We made an entire day out of this Park and guides will tell you to to take note of the same landscape at four different times of day.  The way the light picks up the oranges, yellows, and reds transforms the rocks.  It quickly became very, very cold after sundown, but wow was it worth it.  I hadn’t seen stars like this since we were on an island in the middle of the Pacific.

En Route to Bryce Canyon

There is an easy hike just outside the park called Mossy Cave. This was an easy trail that followed an irrigation river created by early settlers.

A bit south are the Pink Sand Dunes. I wouldn’t make a special trip, but  if you’re in the area, stop for a picnic.   The people on dune buggies looked to be having a blast!


Zion National Park

We were not heading to Zion for any extreme hiking with our toddler in tow, but still enjoyed its monumental beauty and dramatic landscape. If you are feeling adventurous, check out what it is like to hike the narrows trail!
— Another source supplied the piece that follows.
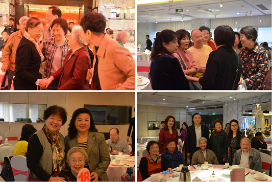 接着学院领导班子集体向每一桌的老同事们敬茶致意,大家共品香茗、畅谈人生,重温师生情谊,再叙校园往事。其乐融融、欢声笑语的情景,将尊师重道的学院文化传承表现得酣畅淋漓!

We liked driving in from the East entrance.  The landscape is completely different than the rest of the world, I’d never seen rock formations like this.  In my mind, this is what the world looked like while the dinosaurs roamed.

Where to Stay between Zion & Bryce

We stayed in Orderville, which was conveniently situated between the two parks.   We found a Yurt on Airbnb which was quite a cool ‘glamping’ experience. 

It was close to 20 degrees overnight, but we were still warm enough!


General National Park Tips

  1. If you plan on visiting at least 2-3 parks, buy the annual pass. It is 80 USD and the card is able to be signed and used by two different people. It’s valid for one year from the date of purchase.
  2. Stop in the visitors center when you arrive. The rangers are always helpful and will provide updates on latest trail conditions and any areas that are closed.
  3. We like buying souvenir postcards, they are a great way to remember the trip and there are some really cool retro-graphic ones available.
  4. Be sure to stamp your postcard or some piece of paper with the park specific stamp. You will find a small kiosk inside each visitor center that has the stamps.
  5. If you have small children you can get a junior ranger activity book from the centers which will help direct some activities for your kids.

Photography – Getting the Right Shot

Camera phones offer the easiest and most convenient way to take pictures on your adventures. With most photos never being printed and rarely viewed other than on a phone or computer there is really no need to pack a ton of fancy camera equipment.

Leverage your cameras filter settings and especially panorama if you have it. This creates some unique shots that people will enjoy more than just another picture of a tree. If you are going to pack a DSLR, Troy recommends a few pieces of gear:

  1. A wide angle lens: This will give you some of the best shots and incorporate a lot more in your image, to truly capture what you’re seeing IRL from where you stand.
  2. A polarizing filter: There are a lot of contrasts between the sky and the scenery, having the filter will allow you to darken the sky and get the right balance of light in your shots.
  3. A tripod: The stars are amazing at night, but without a tripod you’ll end up with blur like our photo above trying to prop the camera on rocks.